Introduction: Hyponatremia is one of the most common electrolyte abnormalities encountered in hospitalized patients, and SIADH is a frequent yet often underrecognized cause of it. SIADH is particularly relevant in small-cell lung cancer (SCLC), where it can be either paraneoplastic or drug-induced. Platinum-based chemotherapy, including carboplatin, has been associated with SIADH, though this is not widely documented in the literature.
We present a case of recurrent, treatment-resistant hyponatremia due to SIADH in a patient receiving carboplatin and etoposide for SCLC, to highlight this underrecognized complication and discuss management considerations.
Description: A 67-year-old male with stage IV SCLC presented with asymptomatic hyponatremia (Na⁺ 113 mmol/L) one week after his most recent carboplatin-etoposide infusion. Labs were consistent with SIADH with low serum osmolality (239 mOsm/kg), high urine sodium (83 mEq/L), and high urine osmolality (389 mOsm/kg), in the setting of clinical euvolemia. He had a history of multiple prior admissions for hyponatremia and was on a tailored tolvaptan regimen.
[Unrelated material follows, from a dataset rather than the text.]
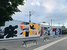 Moppett has also created a mural, THESAMEWAYBETTER/READER, made of more than 950,000 mosaic tiles for Calgary's East Village (2012). Commissioned by the Calgary Municipal Land Corporation, the mural is 110 feet long. It is the largest free-standing mosaic mural in Canada.[9]

Initial management included stopping tolvaptan, initiating fluid restriction, and starting 2% hypertonic saline. His sodium overcorrected to 125 mmol/L within 24 hours, requiring D5W boluses to reverse the overcorrection. However, sodium levels began to decline again, necessitating escalation to 3% hypertonic saline and reintroduction of tolvaptan, ultimately stabilizing at 129 mmol/L.
Discussion: Both paraneoplastic secretion of ADH and platinum-based chemotherapy can lead to SIADH in SCLC. While cisplatin is better known for causing electrolyte disturbances, recent findings suggest that carboplatin, particularly when combined with etoposide, may pose an even higher risk. Escitalopram, another potential contributor to SIADH, may have compounded the effect. Given the recurrent nature of this patient’s admissions and the severity of his hyponatremia, cisplatin may actually be a better-tolerated alternative despite its traditionally higher toxicity profile. Managing SIADH in this setting is complex and requires a careful balance of fluid restriction, pharmacologic therapy, and chemotherapy planning.